[Opening Entries supplied section]
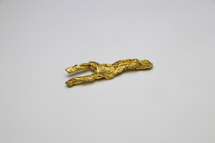 我们的肉身是我们自己的本我、自我、超我的阶梯吗?艺术家王思顺在这场形朴蕴深的展览中分别采用了金属、泥土、纸、大理石、胶片与身体上的脚跟、头颅等展开一场“太极”。艺术家用牙齿咬出来的24K金的作品,那么小,只有一截普通指骨长短,看起来好像异型钥匙、生殖器官,或是一个人形:用牙齿这一身体骨骼去塑造另一重坚硬,用唾液去接触这黄金的冷,之后,身体的一部分永远留在这个作品上——齿痕、DNA是作品对身体的记忆。这件微小的作品安静地躺在展柜里,好像岁有千年,不断地被更多身体观看。在如斯蕞尔的作品前方,却摆放着以艺术家身体为蓝本的洁白雕塑。大理石里,石英的微芒不断星星点点地到达体表。它演绎了王思顺的一个梦境:行走、踢到自己的头颅、捧起来、观看。微曲的双臂在完成一场贡奉:将自己的头颅作为一种特殊的“牺牲”贡献给看不见的造物主。头颅上眼睛正平静地仰看自己,但从这个不可思议、脱离自我的角度来观看。在这里,“石头”与“精神”形成对冲,一颗石头内部也有跳动的心脏——通过梦境的暗示而诞生的石像,表演了一种“出体”的可能性——某些人群通过某种方式,脱离自己的肉身,以一种精神存在的方式于另一维度里检视现实与梦境的距离。在艺术家对“身体”的自觉创作里,同样布满了羞于言说的蛛网:并不光鲜,但也不完全黑暗,因为生命常常被一种惊人的战栗所唤醒,从身体内部传导至体表,这种战栗持之以恒如同大提琴的低吼与波涛相匹配。
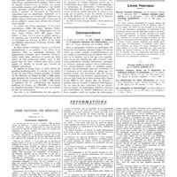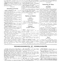 0752 - Page 736 - Informations. Concours et places vacantes / Nouvelles diverses / Comité national de défense contre la tuberculose / Ecole homéopathique de Paris (hôpital Saint-Jacques) / Société anatomique de Paris / Société de thérapeutique / Distinctions honorifiques. Citation à l'ordre de la nation / Docteur «Honoris causa» / Médaille des épidémies / Nos échos. Naissance / Décès / Soutenance de thèses. Paris / Toulouse / Renseignements et communiqués
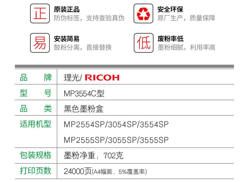 商品名稱:理光(Ricoh)MP3554C原裝粉盒
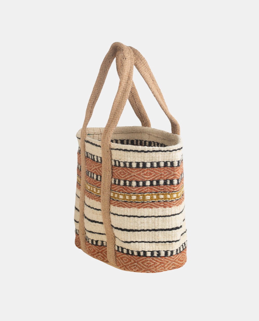 - Material: Hecho de yute, conocido por su resistencia y textura rústica, este bolso es fuerte y amigable con el medio ambiente.
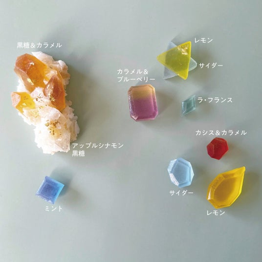 お馴染みの黄色いトパーズの他に、希少なブルートパーズもお菓子の表現に加えている。色ごとに味が違うので、なるべく色々な種類の味が入るようにしている。
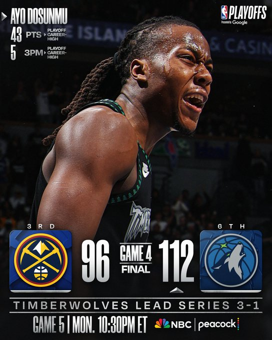 Ayo Dosuunmu fue la enorme figura con 39 puntos, seguido por 17 de Naz Reid y 15 de Julius Randle. En los Nuggets no alcanzaron los 30 puntos de Jamal Murray y los 22 más 15 rebotes y 9 asistencias de Nikola Jokic.
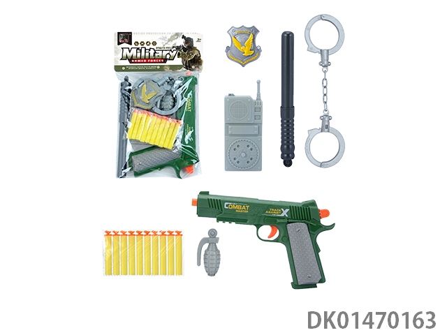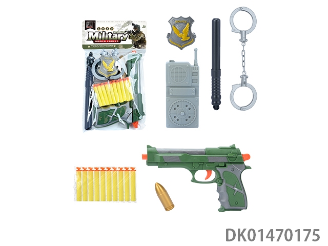 Military kit (handcuffs, badge, baton, walkie talkie, gold bullets, may fourth soft bullet gun, and bullets * 10)
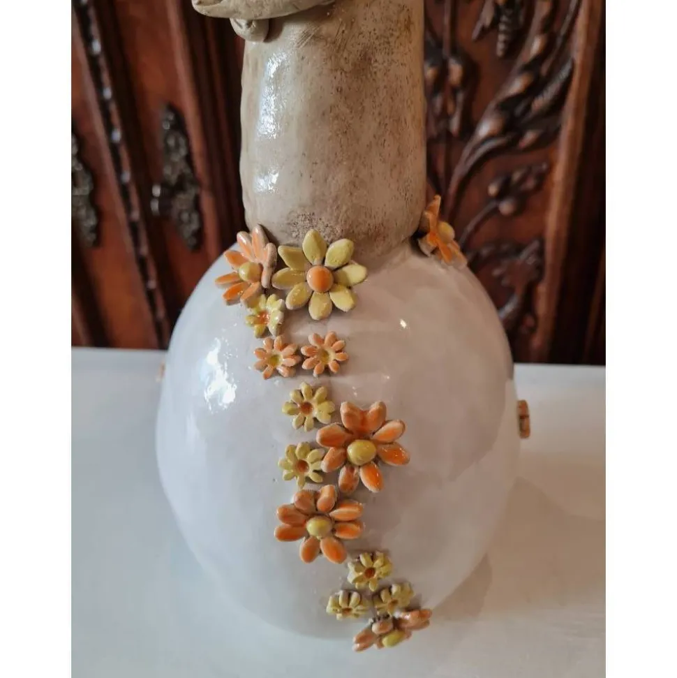 Der Hase und das Ei sind von Hand aufgebaut, glasiert und wurden bei 1225 Grad wetterfest gebrannt.
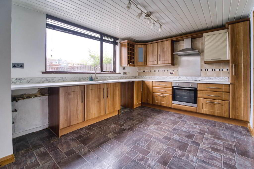 KITCHEN/DINING AREA - 5.85m (19'2") x 3.14m (10'4") Range of high and low level cupboards. Large and small single drainer stainless steel sink unit with mixer tap. Built-in oven, 4 ring hob and extractor fan over. Plumbed for washing machine. Breakfast bar. Understairs storage cupboard.
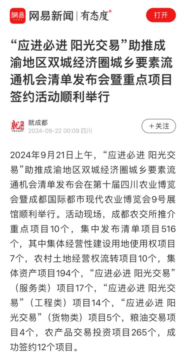 2024年9月21日上午,成都农交所“应进必进 阳光交易”助推成渝地区双城经济圈城乡要素流通机会清单发布会在第十届四川农业博览会暨成都国际都市现代农业博览会9号展馆顺利举行。活动现场,成都农交所推介重点项目10个,集中发布清单项目516个,其中集体经营性建设用地使用权项目7个,农村土地经营权流转项目10个,集体资产项目194个,“应进必进 阳光交易”(服务类)项目17个,“应进必进 阳光交易”(工程类)项目14个,“应进必进 阳光交易”(货物类)项目5个,粮油交易项目4个,农产品交易投资项目265个,成功签约12个项目。
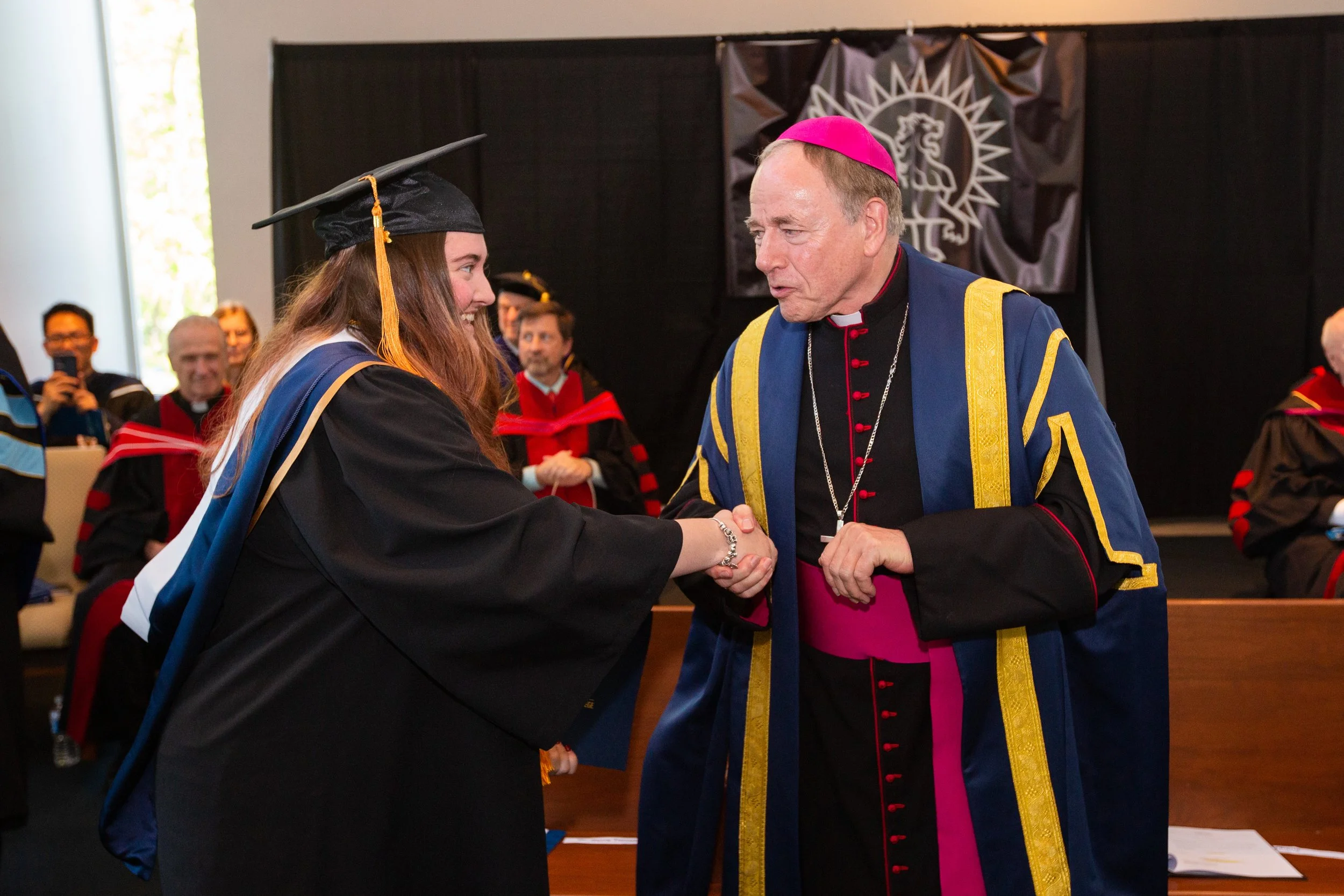 A graduation ceremony where a woman in a black gown and mortarboard shakes hands with a man in academic regalia and a pink bishop's miter, with other academic officials seated in the background.
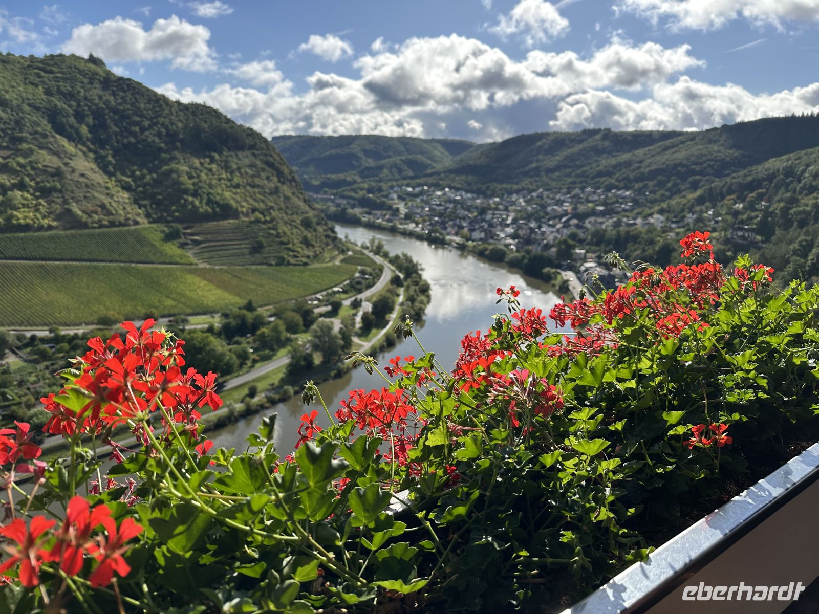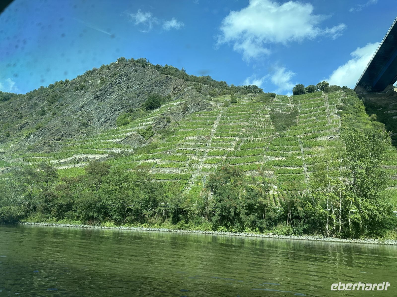 Am Nachmittag gleitet unsere MS Thurgau Saxonia bei schönstem Wetter durch das romantische Moseltal.
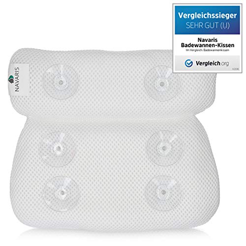 Navaris Cuscino Vasca da Bagno Extra-Comfort - Poggiatesta Air Mesh con 6 Ventose - Relax per Schiena Spalle Collo - per Piscina Idromassaggio - Bianco
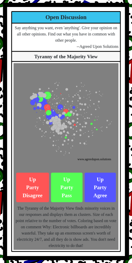 The Tyranny of the Majority View finds minority voices in our responses and displays them as clusters. Size of each point relative to the number of votes. Coloring based on vote on comment
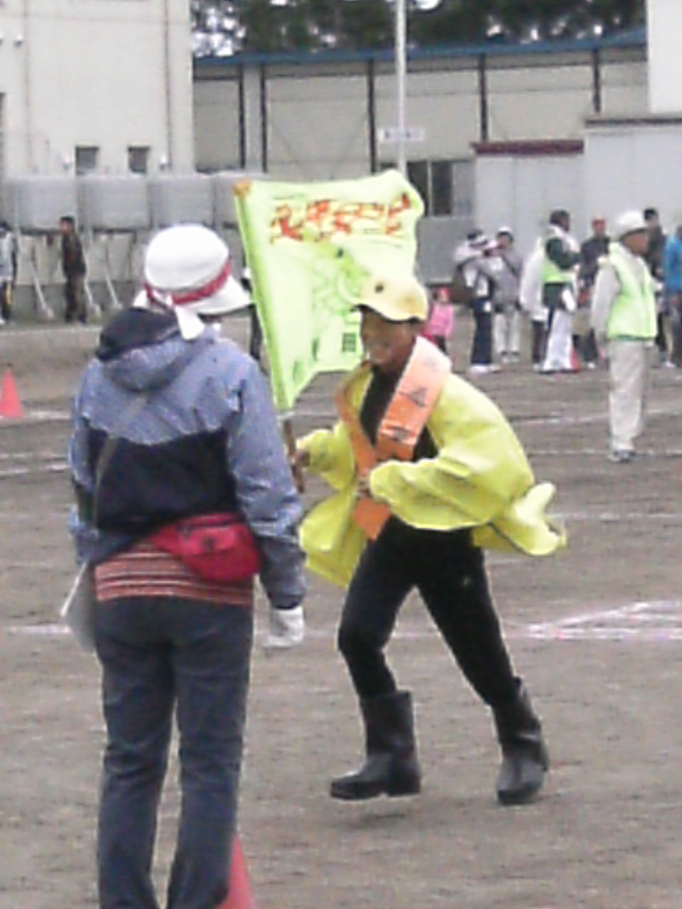 半纏(はんてん)長靴 たすき で 交通安全旗 をリレー
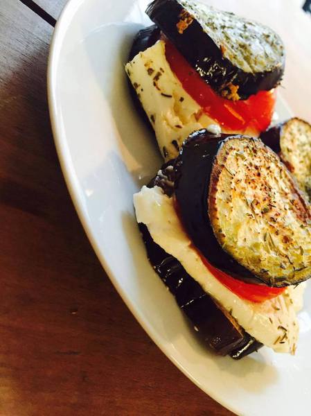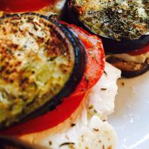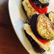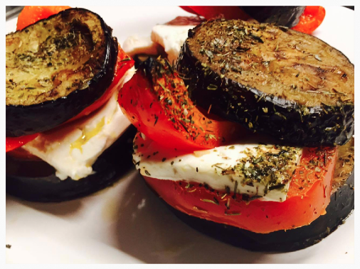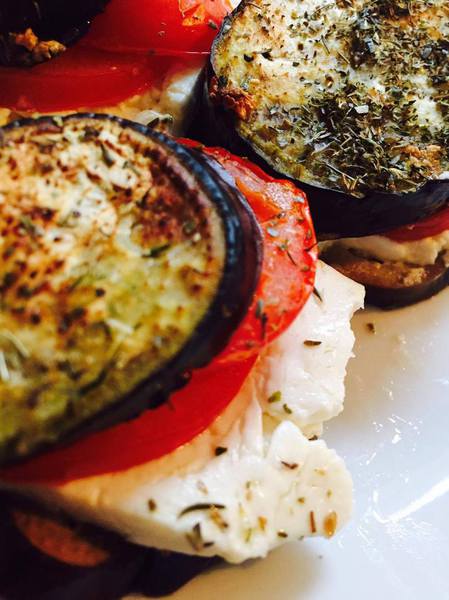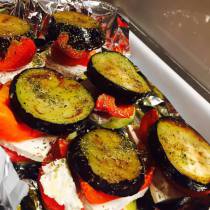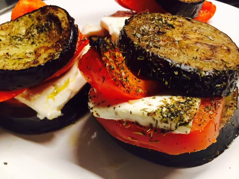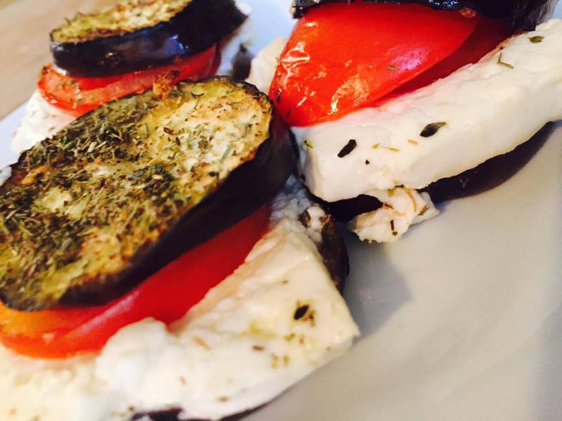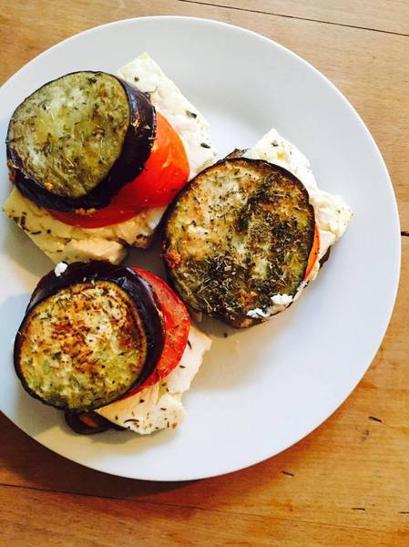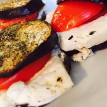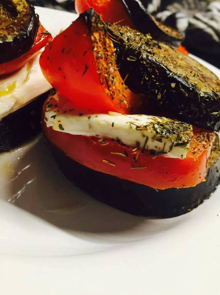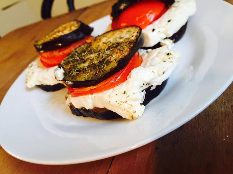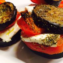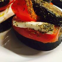 - Schneidet die Auberginen in 12 ca. 1cm dicke Scheiben. Den Schafskäse halbiert ihr und drittelt die Hälften dann in 6 breite dünne Scheiben. Dementsprechend benötigt ihr auch 6 Tomaten- und die
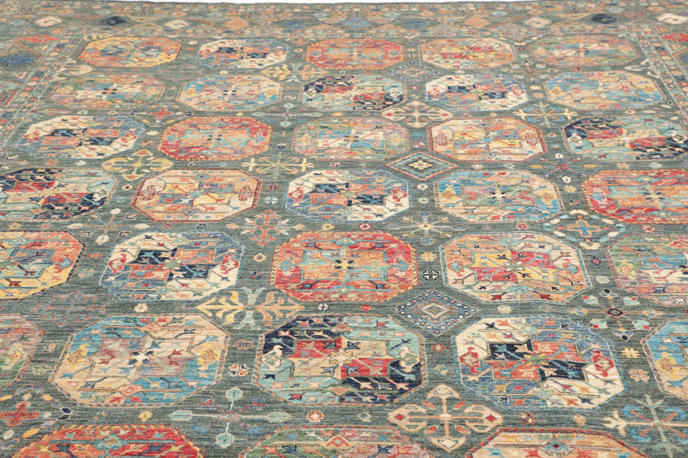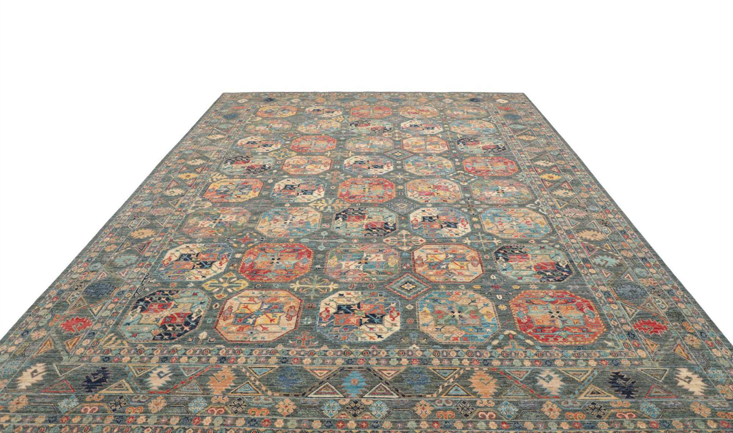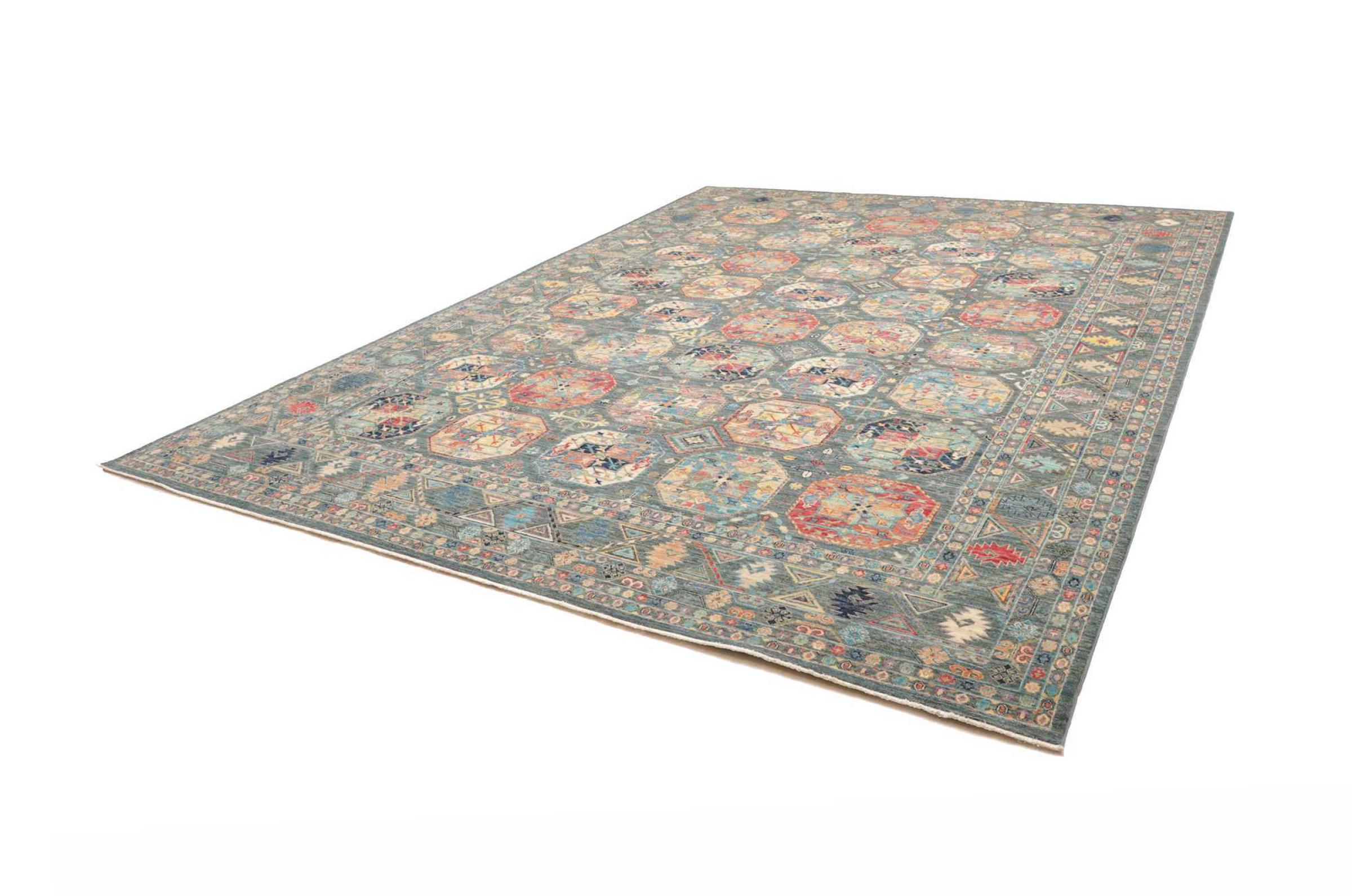 Nr.dywanu: 306372003699279 Wielkość: 387x301 cm Grubość: ok. 6 mm Gęstość tkania: 128 000 - 160 000 / m² Przetwarzanie: Ręcznie tkane Włosie: Wełna ręcznie przędzona Osnowa: Bawełna Pochodzenie: Pakistan Wiek: nowe Waga: ok. 41 kg Ilość w magazynie: Unikalny - Tylko 1 na składzie
[Closing Entries supplied section]
**Assignment**
At the line containing "Navaris Cuscino Vasca", begin reproducing the entries word for word, and continue through their last line. Leave out the pictures.

**Response area**
 Navaris Cuscino Vasca da Bagno Extra-Comfort - Poggiatesta Air Mesh con 6 Ventose - Relax per Schiena Spalle Collo - per Piscina Idromassaggio - Bianco
 The Tyranny of the Majority View finds minority voices in our responses and displays them as clusters. Size of each point relative to the number of votes. Coloring based on vote on comment
 半纏(はんてん)長靴 たすき で 交通安全旗 をリレー
 - Schneidet die Auberginen in 12 ca. 1cm dicke Scheiben. Den Schafskäse halbiert ihr und drittelt die Hälften dann in 6 breite dünne Scheiben. Dementsprechend benötigt ihr auch 6 Tomaten- und die
 Nr.dywanu: 306372003699279 Wielkość: 387x301 cm Grubość: ok. 6 mm Gęstość tkania: 128 000 - 160 000 / m² Przetwarzanie: Ręcznie tkane Włosie: Wełna ręcznie przędzona Osnowa: Bawełna Pochodzenie: Pakistan Wiek: nowe Waga: ok. 41 kg Ilość w magazynie: Unikalny - Tylko 1 na składzie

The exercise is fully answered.